EXERCISE AIM: Copy the listing below in full and skip every picture.

SOURCE MATERIAL:
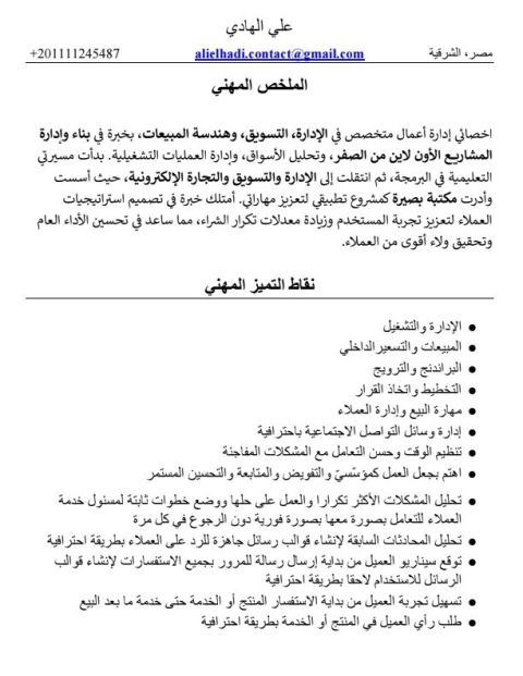 جاهز لفرص جديدة في الإدارة، التسويق، والتجارة الالكترونية. أضفت سيرتي الذاتية بالعربية والانجليزية مع صورة مطولة لجزء من معرض أعمالي، والتي تتضمن خبرات عملية في تأسيس وإدارة مشروع Bassera Bookstore لتطبيق المعرفة في التجارة الالكترونية، تحليل الأداء، وتحسين تجربة العملاء
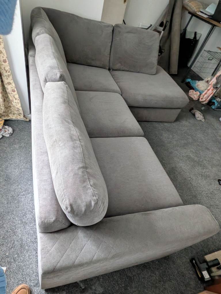 beautiful condition only a year old, always been covered with throw blankets, house move forces sale. grey, we chose the higher more expensive seating foam,
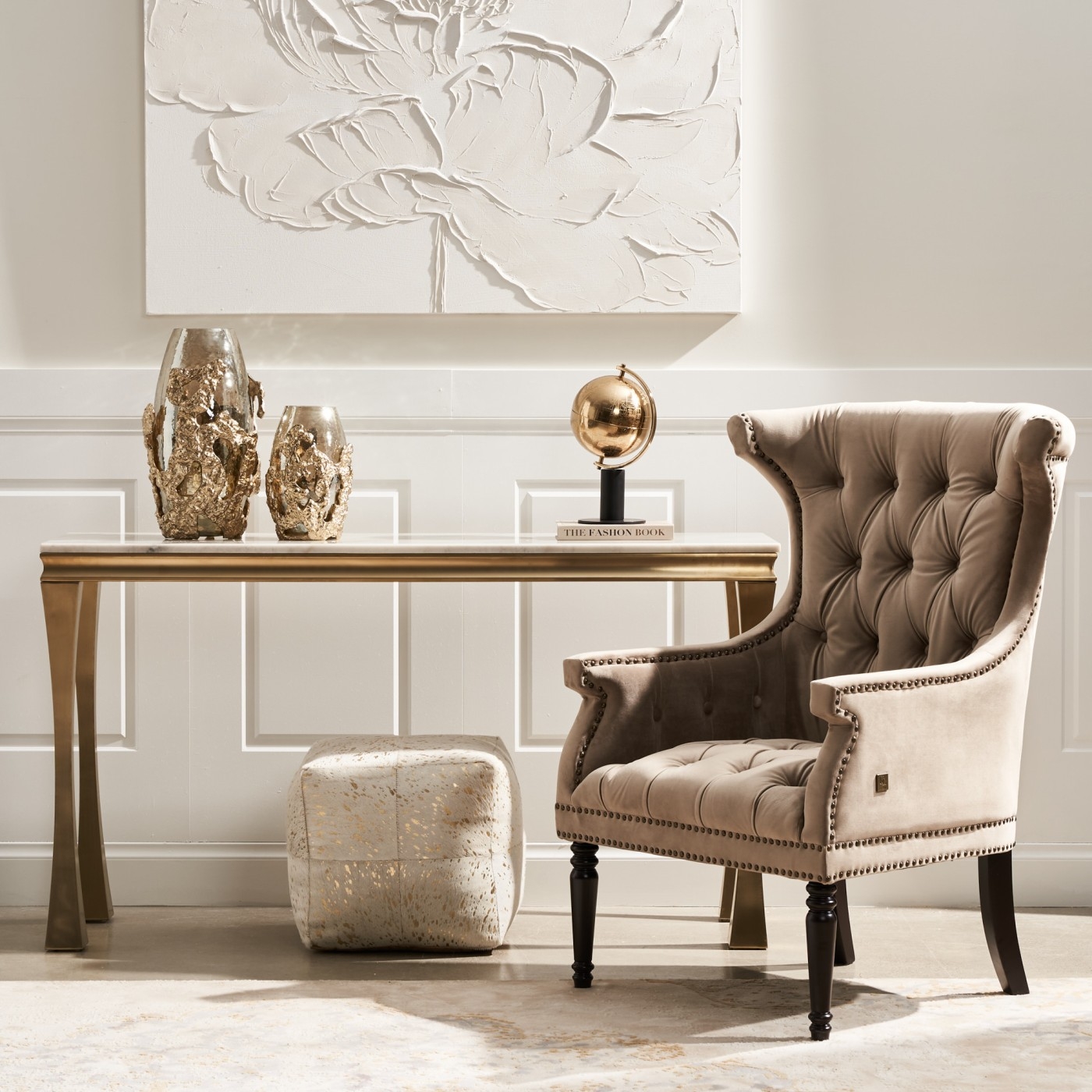 The Deco Beige Velvet Armchair brings luxury to any space with its wingback-inspired design and standout features. Its cushioned seat, upholstered in beige velvet with deep button tufting, offers a comfortable and stylish lounging experience.
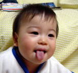あっかんベー。(平成15年12月21日)なぜかいきなり、あっかんベーがマイブームになったおーちゃん。 思い出しては、頻繁にあっかんべーをしています。 今日はジャスコにお買い物に行きました。最近ベビーカーに長い間 乗るのは嫌いになったみたいで、お買い物の間、パパがずーっと抱っこ しています(+o+) |

ANSWER TO THE PROBLEM:
 جاهز لفرص جديدة في الإدارة، التسويق، والتجارة الالكترونية. أضفت سيرتي الذاتية بالعربية والانجليزية مع صورة مطولة لجزء من معرض أعمالي، والتي تتضمن خبرات عملية في تأسيس وإدارة مشروع Bassera Bookstore لتطبيق المعرفة في التجارة الالكترونية، تحليل الأداء، وتحسين تجربة العملاء
 beautiful condition only a year old, always been covered with throw blankets, house move forces sale. grey, we chose the higher more expensive seating foam,
 The Deco Beige Velvet Armchair brings luxury to any space with its wingback-inspired design and standout features. Its cushioned seat, upholstered in beige velvet with deep button tufting, offers a comfortable and stylish lounging experience.
あっかんベー。(平成15年12月21日)なぜかいきなり、あっかんベーがマイブームになったおーちゃん。 思い出しては、頻繁にあっかんべーをしています。 今日はジャスコにお買い物に行きました。最近ベビーカーに長い間 乗るのは嫌いになったみたいで、お買い物の間、パパがずーっと抱っこ しています(+o+) |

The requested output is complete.